» WHAT IS EXPECTED:
If a line in the entries includes "with", show that line.

_ _ _ _ _ _ _

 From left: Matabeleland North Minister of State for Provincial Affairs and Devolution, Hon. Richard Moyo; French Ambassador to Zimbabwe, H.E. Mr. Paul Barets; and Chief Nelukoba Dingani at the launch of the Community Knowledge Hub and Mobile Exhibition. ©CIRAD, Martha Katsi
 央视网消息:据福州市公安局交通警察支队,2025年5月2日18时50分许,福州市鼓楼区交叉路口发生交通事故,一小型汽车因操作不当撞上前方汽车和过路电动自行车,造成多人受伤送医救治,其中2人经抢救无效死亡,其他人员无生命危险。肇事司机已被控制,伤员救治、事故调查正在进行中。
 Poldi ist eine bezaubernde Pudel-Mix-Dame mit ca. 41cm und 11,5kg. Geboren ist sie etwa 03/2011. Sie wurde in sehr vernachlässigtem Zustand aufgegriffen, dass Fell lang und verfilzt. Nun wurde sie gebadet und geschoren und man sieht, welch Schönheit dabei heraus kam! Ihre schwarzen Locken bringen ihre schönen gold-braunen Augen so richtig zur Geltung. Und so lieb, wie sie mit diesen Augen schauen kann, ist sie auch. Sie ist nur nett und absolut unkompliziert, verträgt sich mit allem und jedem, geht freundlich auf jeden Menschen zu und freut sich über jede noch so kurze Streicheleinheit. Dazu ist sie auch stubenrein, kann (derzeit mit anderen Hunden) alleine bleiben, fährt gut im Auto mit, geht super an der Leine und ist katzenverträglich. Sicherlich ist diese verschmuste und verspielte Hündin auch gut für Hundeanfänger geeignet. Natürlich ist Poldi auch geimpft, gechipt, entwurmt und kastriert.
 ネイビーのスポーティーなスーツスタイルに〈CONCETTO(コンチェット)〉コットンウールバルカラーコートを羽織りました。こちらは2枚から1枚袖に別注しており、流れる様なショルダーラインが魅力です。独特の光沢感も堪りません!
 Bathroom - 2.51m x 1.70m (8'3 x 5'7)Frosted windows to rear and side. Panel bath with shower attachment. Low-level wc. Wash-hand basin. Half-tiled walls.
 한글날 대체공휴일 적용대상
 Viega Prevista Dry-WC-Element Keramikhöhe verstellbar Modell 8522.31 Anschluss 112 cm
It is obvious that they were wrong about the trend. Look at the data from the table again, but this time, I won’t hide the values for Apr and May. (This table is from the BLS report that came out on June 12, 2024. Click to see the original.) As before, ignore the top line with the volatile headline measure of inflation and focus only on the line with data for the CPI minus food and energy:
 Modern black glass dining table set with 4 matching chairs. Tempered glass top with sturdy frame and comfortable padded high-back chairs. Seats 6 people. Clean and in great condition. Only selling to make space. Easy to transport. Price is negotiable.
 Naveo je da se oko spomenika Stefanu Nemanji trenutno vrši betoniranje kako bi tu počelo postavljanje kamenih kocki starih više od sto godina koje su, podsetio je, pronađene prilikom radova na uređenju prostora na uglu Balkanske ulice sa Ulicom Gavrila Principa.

_ _ _ _ _ _ _

» COMPLETED EXERCISE:
 Bathroom - 2.51m x 1.70m (8'3 x 5'7)Frosted windows to rear and side. Panel bath with shower attachment. Low-level wc. Wash-hand basin. Half-tiled walls.
It is obvious that they were wrong about the trend. Look at the data from the table again, but this time, I won’t hide the values for Apr and May. (This table is from the BLS report that came out on June 12, 2024. Click to see the original.) As before, ignore the top line with the volatile headline measure of inflation and focus only on the line with data for the CPI minus food and energy:
 Modern black glass dining table set with 4 matching chairs. Tempered glass top with sturdy frame and comfortable padded high-back chairs. Seats 6 people. Clean and in great condition. Only selling to make space. Easy to transport. Price is negotiable.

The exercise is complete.